Select and reproduce each line of the listing below that bears the string "with".

→ SUPPLIED RECORDS
-----

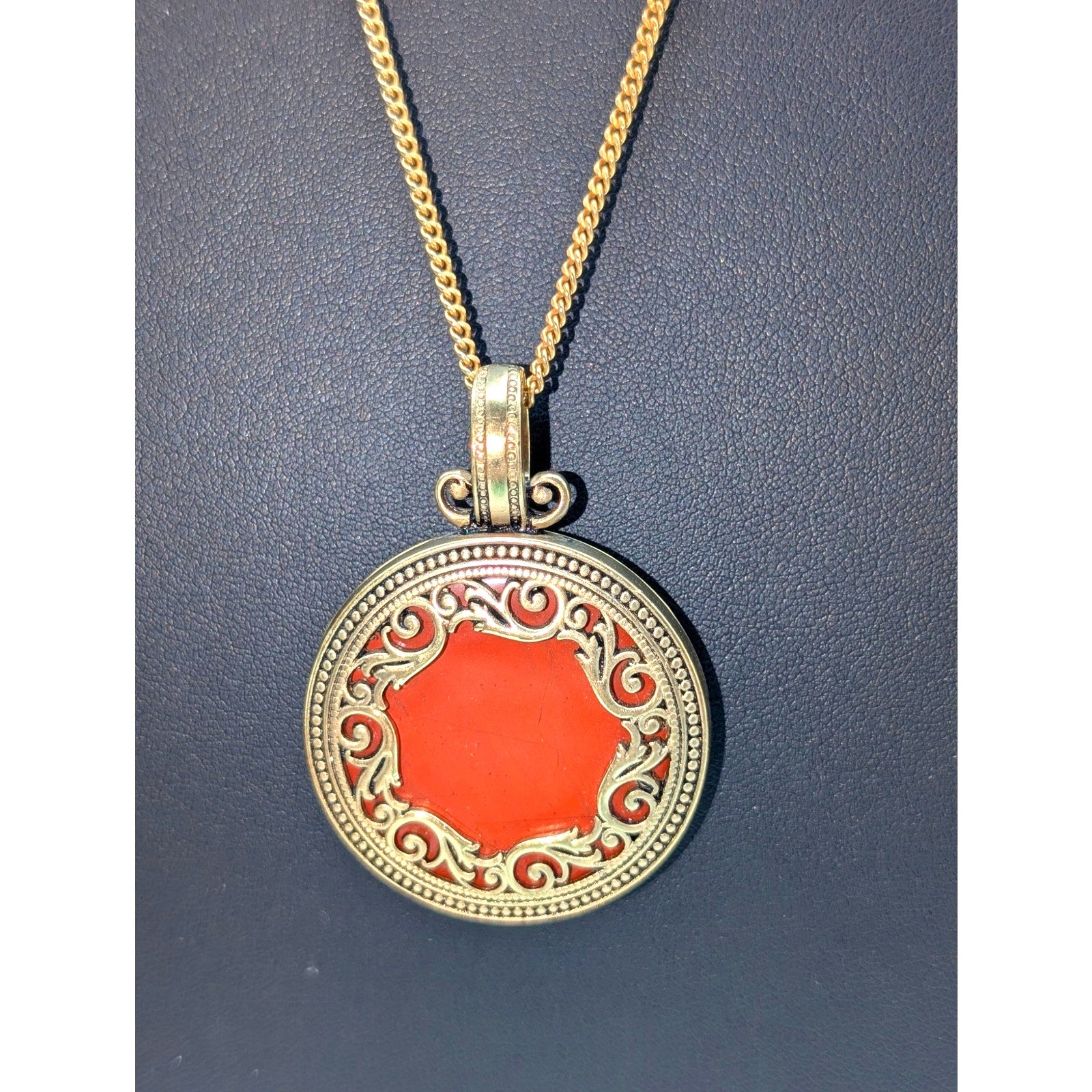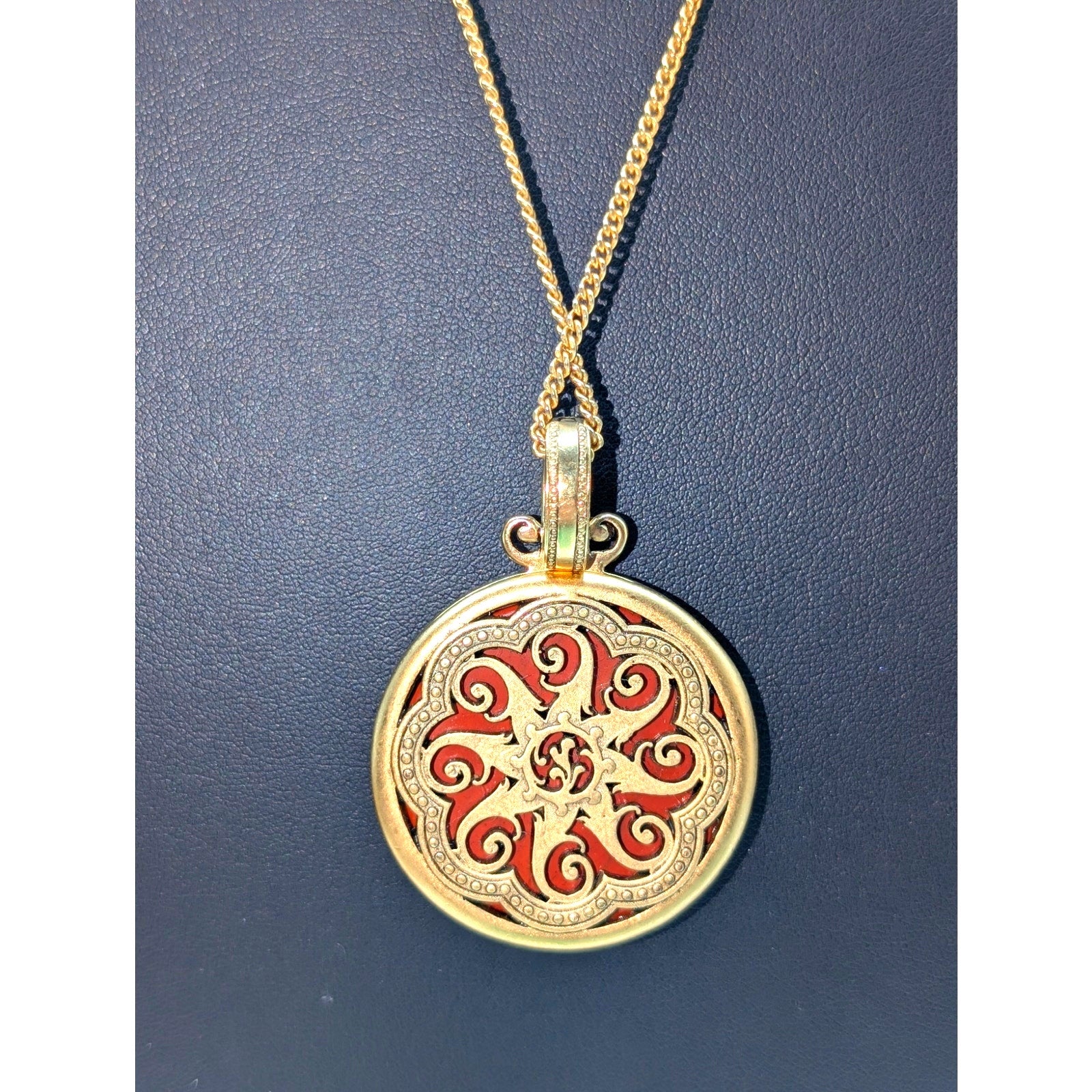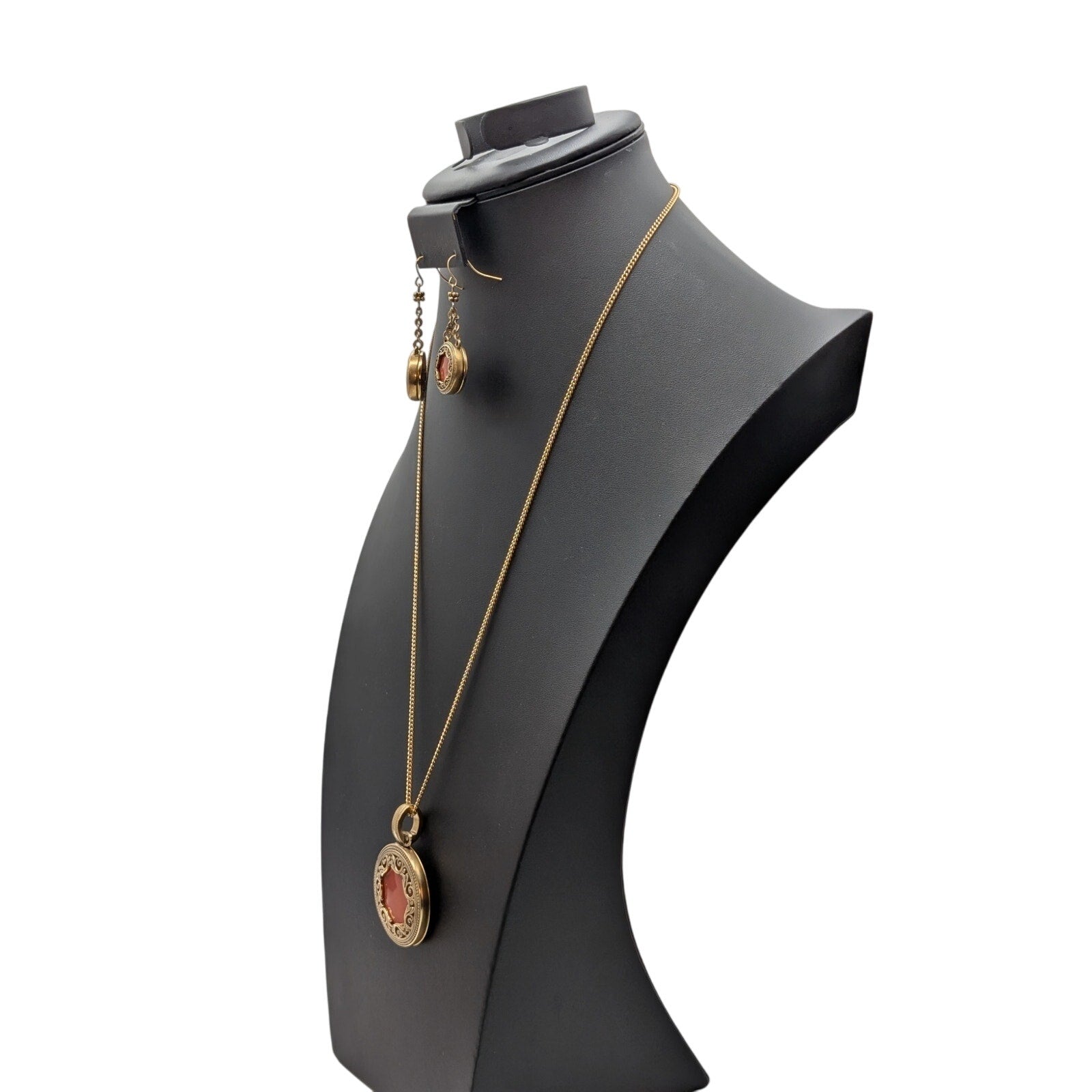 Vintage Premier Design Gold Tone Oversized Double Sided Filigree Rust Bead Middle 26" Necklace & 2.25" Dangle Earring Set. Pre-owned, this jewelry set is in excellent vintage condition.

-----

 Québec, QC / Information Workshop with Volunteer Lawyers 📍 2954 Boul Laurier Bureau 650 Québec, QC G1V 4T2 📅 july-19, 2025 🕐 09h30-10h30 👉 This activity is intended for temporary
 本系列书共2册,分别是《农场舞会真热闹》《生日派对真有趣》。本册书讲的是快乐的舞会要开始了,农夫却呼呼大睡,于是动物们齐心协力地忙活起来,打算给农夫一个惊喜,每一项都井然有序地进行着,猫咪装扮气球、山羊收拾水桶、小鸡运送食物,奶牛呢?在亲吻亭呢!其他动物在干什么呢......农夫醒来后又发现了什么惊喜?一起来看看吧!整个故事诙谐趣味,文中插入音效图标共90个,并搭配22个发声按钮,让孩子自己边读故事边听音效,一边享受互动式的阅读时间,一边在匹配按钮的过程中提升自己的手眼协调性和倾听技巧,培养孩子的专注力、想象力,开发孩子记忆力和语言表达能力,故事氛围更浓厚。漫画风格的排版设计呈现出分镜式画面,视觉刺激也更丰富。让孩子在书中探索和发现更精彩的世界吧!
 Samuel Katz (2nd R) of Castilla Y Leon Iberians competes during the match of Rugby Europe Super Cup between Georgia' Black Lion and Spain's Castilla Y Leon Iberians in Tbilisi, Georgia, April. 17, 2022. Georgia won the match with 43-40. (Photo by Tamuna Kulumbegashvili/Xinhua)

-----

→ WRITTEN RESPONSE
 Québec, QC / Information Workshop with Volunteer Lawyers 📍 2954 Boul Laurier Bureau 650 Québec, QC G1V 4T2 📅 july-19, 2025 🕐 09h30-10h30 👉 This activity is intended for temporary
 Samuel Katz (2nd R) of Castilla Y Leon Iberians competes during the match of Rugby Europe Super Cup between Georgia' Black Lion and Spain's Castilla Y Leon Iberians in Tbilisi, Georgia, April. 17, 2022. Georgia won the match with 43-40. (Photo by Tamuna Kulumbegashvili/Xinhua)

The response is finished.